- Born: November 14, 1945 (age 80) Egypt
- Education: Cairo University (BS 1967, MS 1972, PhD 1977)
- Known for: Spectral tau algorithms and Jacobi operational matrices for fractional differential equations
- Awards: African Academy of Sciences Fellow (2006) Cairo University Award for Excellence in Scientific Research in Basic Sciences (2007)
- Scientific career
- Fields: Approximation theory, orthogonal polynomials, spectral methods

= Eid Hassan Doha =

Egyptian Emeritus Professor

Eid Hassan Doha is an Egyptian Emeritus Professor of Numerical Analysis and Approximation Theory at the Cairo University. He is an elected fellow of African Academy of Sciences, the head of the department of Mathematics at Cairo University and the Head of Promotion Committee of Research Assessment for Associate Professorships – Supreme Council of Egyptians Universities.

== Early life and education ==
Eid Hassan Doha was born on November 14, 1945. He attended University of Cairo from B.Sc. to PhD level. He obtained his B.Sc. in Pure and Applied Mathematics in 1967. He obtained his M.Sc and PhD in 1972 and 1977 respectively.

== Career ==
Eid Hassan Doha began his career in 1967 as a demonstrator of mathematics at the Faculty of Science, University of Cairo in Egypt. He became as assistant lecturer after his Master's programme in 1972. After his PhD, he became a full lecturer in the same university. However, he left the University of Cairo for Al-Khartoum, Sudan, a branch of the University of Cairo in 1979 and spent a year. In 1980, he moved to Emirates University, Al-Ain in the United Arab Emirates where he became associate professor after three years (1983). In 1990, he moved to Female Education, Girl’s College of Education, Jeddah, Kingdom of Saudi Arabia where he became professor of Numerical Analysis and Approximation Theory.
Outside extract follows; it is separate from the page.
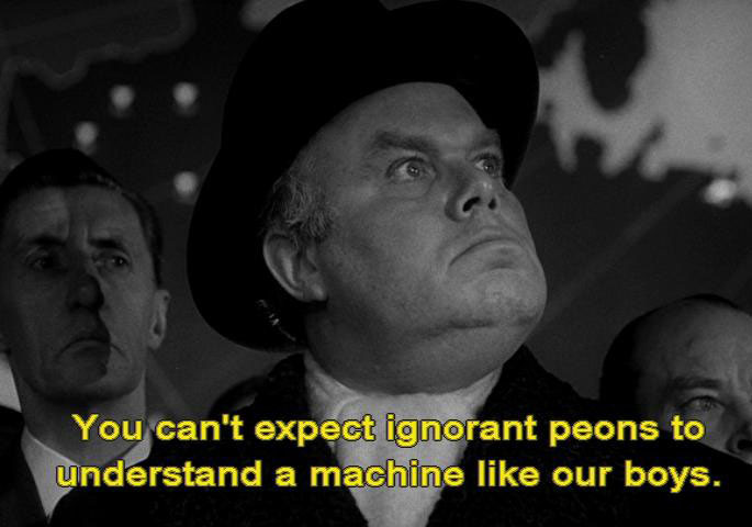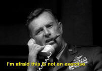 Johnson Directed and Produced by Stanley Kubrick Clerk: General Ripper, sir. Capt. Mandrake: Group Captain Mandrake speaking. General Jack Ripper: This is General Ripper speaking. Captain Mandrake: Yes, sir. General Jack Ripper: Do you recognize my voice? Captain Mandrake: I do, sir. Why do you ask? General Jack Ripper: Why do you think I ask? Captain Mandrake: Well, I don't know, sir. We spoke just a few moments ago, didn't we? General Jack Ripper: You don't think I'd ask unless it was pretty damned important, do you? Captain Mandrake: No, I don't, sir, no. General Jack Ripper: Let's see if we can stay on the ball. Has the wing confirmed holding at their fail-safe points? Captain Mandrake: Yes, sir. The confirmations have all just come in. General Jack Ripper: Very well. Now, listen to me carefully. The base is being put on condition red. I want this flashed to all sections immediately. Captain Mandrake: Condition red. Jolly good idea. Keeps the men on their toes. General Jack Ripper: I'm afraid this is not an exercise. Captain Mandrake: Not an exercise, sir? General Jack Ripper: I shouldn't tell you this, but you're a good officer and have a right to know. It looks like we're in a shooting war. Captain Mandrake: Oh, hell. Are the Russians involved? General Jack Ripper: That's all I've been told. It came in on the red phone. I'm gonna follow orders and seal this base tight. Now, I want you to transmit Plan R, R for Robert, to the wing. Plan R for Robert. Captain Mandrake: Is it that bad, sir? General Jack Ripper: Looks like it's pretty hairy. Captain Mandrake: Yes, sir. Plan R for Robert, sir. General Jack Ripper: Now, last, and possibly most important, I want all privately-owned radios to be immediately impounded. They might be used to issue instructions to saboteurs. As I previously arranged, Air Police will have lists of all owners. I want every single one of them collected without exception. After you've done that, report back to me. *** Narrator: In order to guard against surprise nuclear attack, America's Strategic Air Command maintains a large force of B-52 bombers airborne 24 hours a day. Each B-52 can deliver a nuclear bomb load of 50 megatons, equal to 16 times the total explosive force of all the bombs and shells used by all the armies in World War II. Based in America, the Airborne Alert Force is deployed from the Persian Gulf to the Arctic Ocean. But they have one geographical factor in common: They are all two hours from their targets inside Russia. *** Goldie: Major Kong, I know you'll think this is crazy, but I just got a message from base over the CRM 114. It decodes as wing attack Plan R. R for Romeo. Major Kong: Goldie, did you say wing attack Plan R? Goldie: Yes, sir, I have Major Kong: Goldie, how many times have I told you guys that I don't want no horsing around on the airplane? Goldie: I'm not horsing around, sir, that's how it decodes. Major Kong: Well, I've been to one world fair, a picnic and a rodeo, and that's the stupidest thing I ever heard over earphones. You sure you got today's code? Goldie: Yes, sir, it is. Major Kong: There's just gotta be something wrong. Wait a second, I'm coming back. Maybe you'd better get a confirmation from base. Goldie: Yes, sir. Bombardier: Major Kong, is it possible this is some kind of loyalty test? Give the go code and then recall to see who would actually go? Major Kong: Ain't nobody ever got the go code yet. Old Ripper wouldn't be giving us Plan R unless them Russkies had clobbered Washington and a lot of other towns with a sneak attack. Bombardier: Yes, sir. Goldie: Major Kong, message from base confirmed. Major Kong: Well, boys, I reckon this is it. Nuclear combat toe-to-toe with the Russkies. Now, look, boys, I ain't much of a hand at making speeches. But I got a pretty fair idea that something doggone important is going on back there. Now, I've got a fair idea of the kind of personal emotions that some of you fellows may be thinking. Heck, I reckon you wouldn't even be human beings if you didn't have strong personal feelings about nuclear combat. But I want you to remember one thing: That folks back home is counting on you, and by golly, we ain't about to let them down. Tell you something else. If this thing turns out to be half as important as I figure it just might be, I'd say that you're all in line for some important promotions and personal citations when this thing's over with. And that goes for every last one of you, regardless of your race, color or your creed. Now, let's get this thing on the hump. We got some flying to do. *** Miss Scott: Buck, should I get it? General Turgidson: Yeah, you have to. Miss Scott: Hello? Yes, General Turgidson is here, but he can't come to the phone at the moment. Well, this is his secretary, Miss. Scott. Freddie, how are you? Fine, and you? Oh, we were just catching up on some of the general's paperwork. Well, look, Freddie, he's tied up at the moment. I'm afraid he can't come to the phone. Just a minute. General Turgidson, a Colonel Puntrich calling. General Turgidson: Tell him to call back. Miss Scott: Freddie, the general says could you call back in a minute or two? -- [to Buck] He says it can't wait. General Turgidson: For Pete's -- Find out what he wants. Miss Scott: Freddie, the thing is, the general is in the powder room right now. Could you tell me what it's about? Just a second. -- [to Buck] Apparently they monitored a transmission eight minutes ago from Burpelson Air Force Base. Right. It was directed to the 843rd bomb wing on airborne alert. It decoded as wing attack Plan R. General Turgidson: Well, tell him to call what's-his-name, the base commander. Ripper. Do I have to think of everything? Miss Scott: [To Freddie] The general suggests you call General Ripper, the 843rd base commander. [To Buck] All communications are dead. General Turgidson: Bull! Tell him to do it himself. Miss Scott: Freddie, the general asks if you could possibly try again yourself. I see. -- [

== Award and memberships ==
Eid Hassan Doha became a member of the Mathematical and Physical Society of Egypt in 1977 and a member of the American Mathematical Society in 1990. In 1993, he became a member of the Egyptian Mathematical Society and eventually became their Vice president. He was the Chairman of the Egyptian National Evaluation Committee for promoting assistant professors in Mathematics from 2004 to 2006. Also in 2004, he was elected as a member of the Egyptian National Committee of Mathematics (Academy of Scientific Research and Technology, Cairo). He was awarded an Excellence Research Paper by the Egyptian National Committee of Mathematics (Academy of Scientific Research and Technology, Cairo, Egypt in 2005. He became a Fellow of the African Academy of Sciences in 2006. He received Excellence Scientific Research in Basic Sciences" from Cairo University in 2007 and a member of the International Association for Mathematics and Computers in Simulation.